__TASK DETAILS__:
The line containing "Bracelet by AetherFate" marks the start of the required copy, which runs to the final line of the entries; return those lines exactly, without any pictures.
= = =
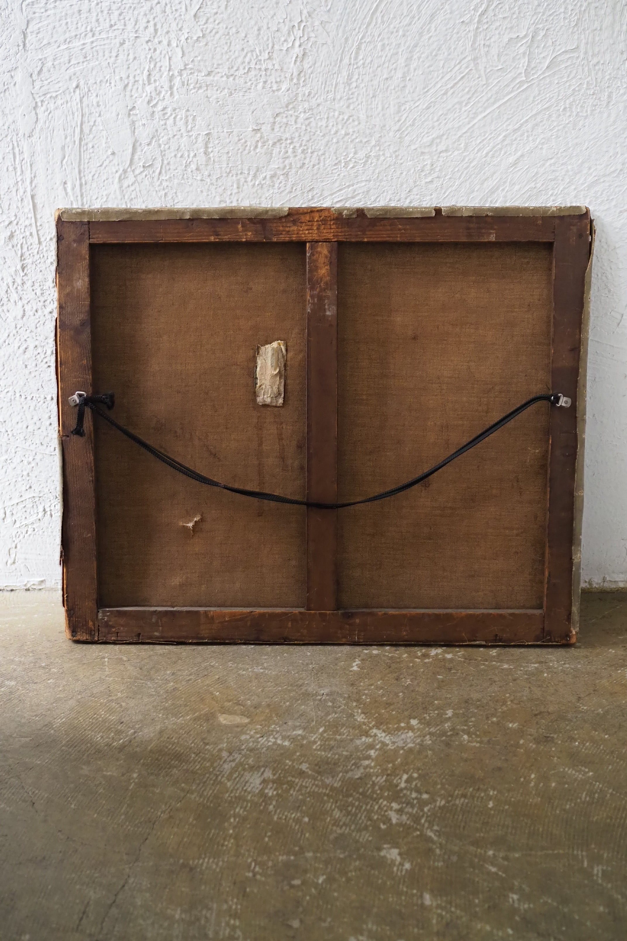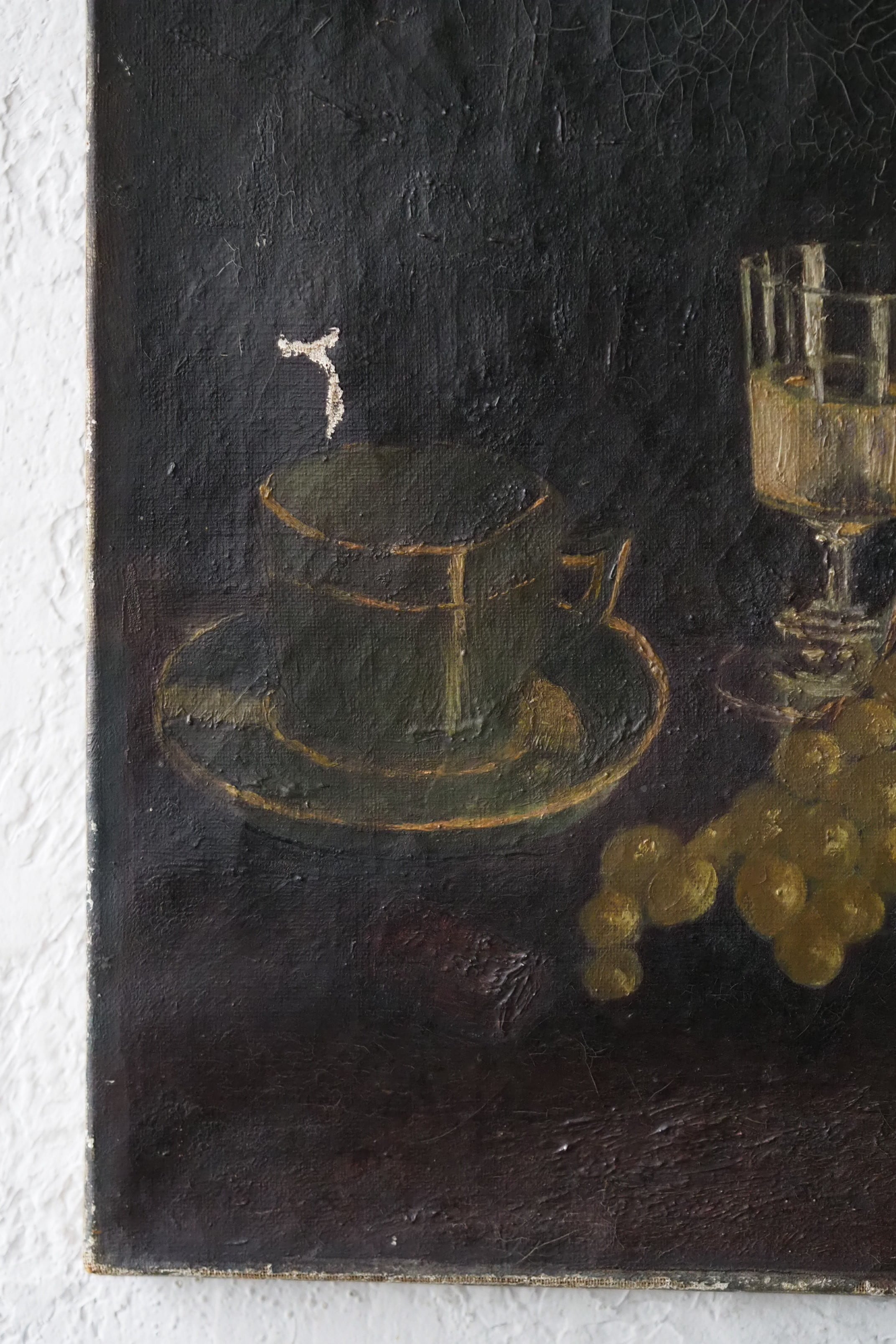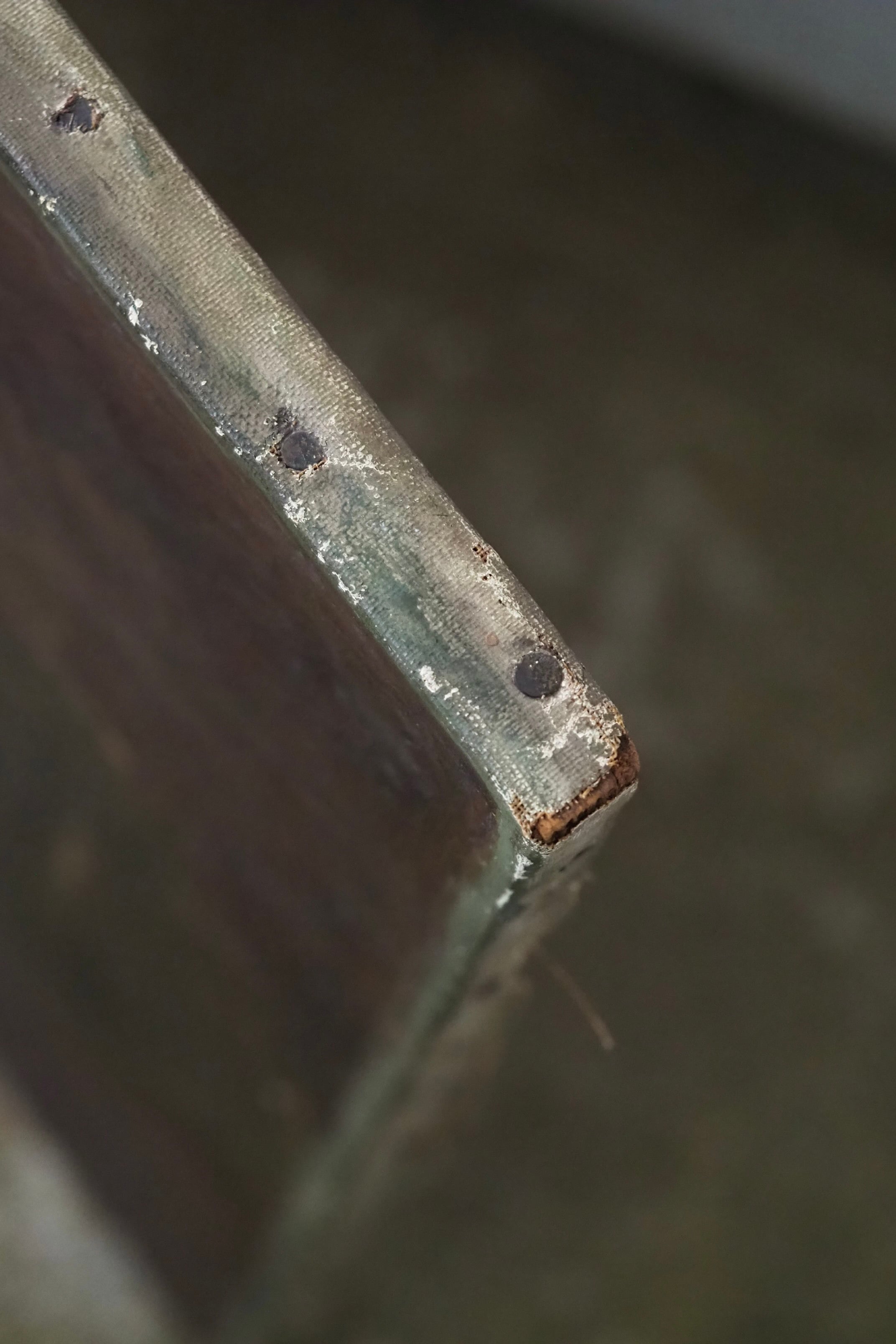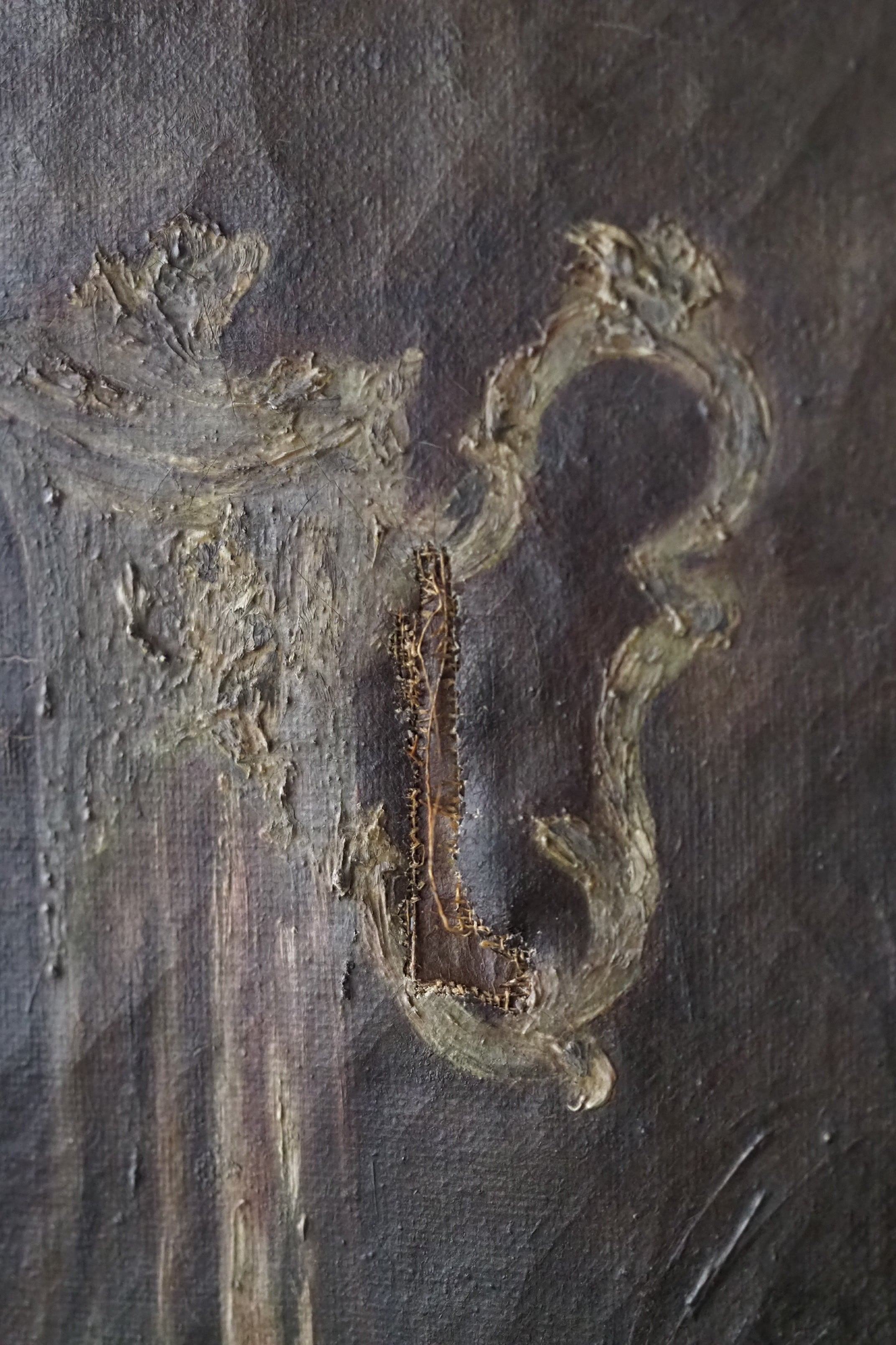 キャンバスに開いた穴は2箇所、ティーカップの上辺りに擦れ傷が御座います。
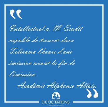![Intellectuel n. M. Erudit capable de trouver dans Télérama [...] - Académie Alphonse Allais... Intellectuel n. M. Erudit capable de trouver dans Télérama [...] - Académie Alphonse Allais...](/imagescitations/Intellectuel_n_M_Erudit_capable_de_trouver_dans_Telerama_-_Academie_Alphonse_Allais-134036.jpg)
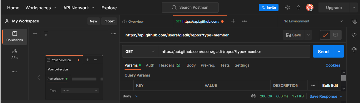 Pour ce point de terminaison, le paramètre de type nous permet de filtrer selon que vous êtes propriétaire d'un référentiel ou simplement d'un membre. Par défaut, le point de terminaison ne renverra que les référentiels dont vous êtes propriétaire, mais si je veux voir tous les référentiels dont je suis membre, je peux mettre un membre dans le champ de valeur pour cela. À ce stade, la requête devrait ressembler à ceci :
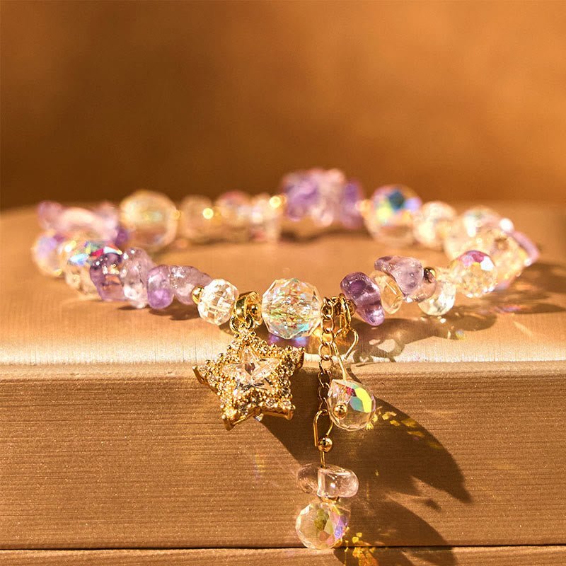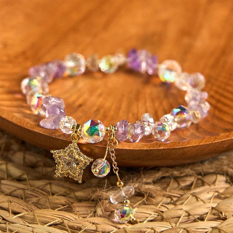 🔮 Quiet Calm, Worn Daily. Amethyst Crystal Star Charm Positive Transformation Bracelet by AetherFate
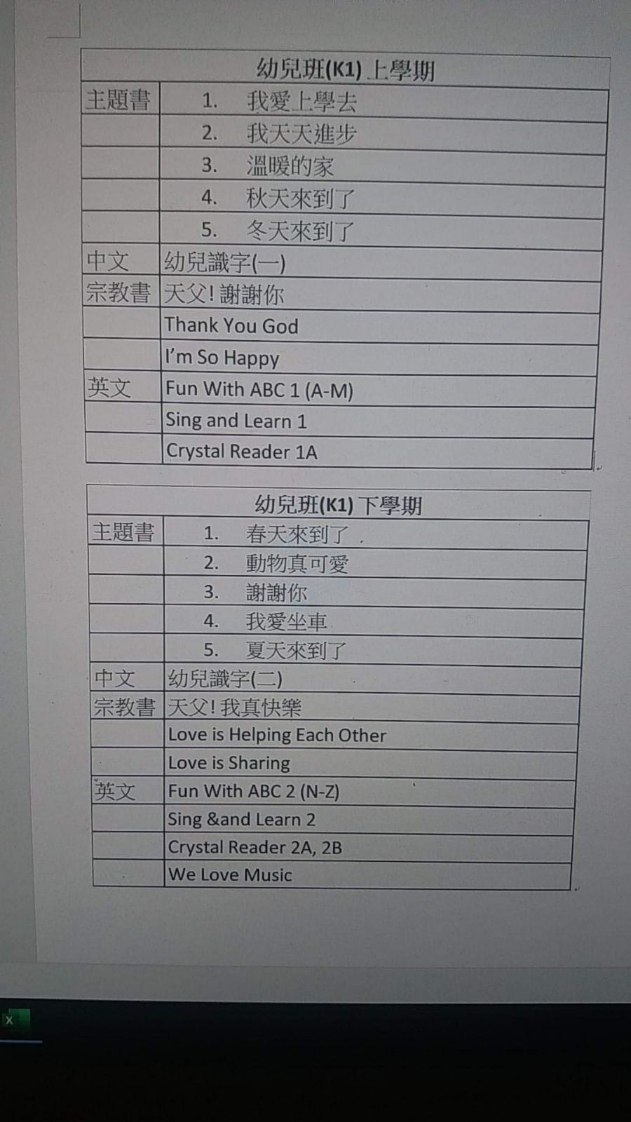 幼兒班K1
= = =
__SOLUTION TO THIS PROBLEM__:
 🔮 Quiet Calm, Worn Daily. Amethyst Crystal Star Charm Positive Transformation Bracelet by AetherFate
 幼兒班K1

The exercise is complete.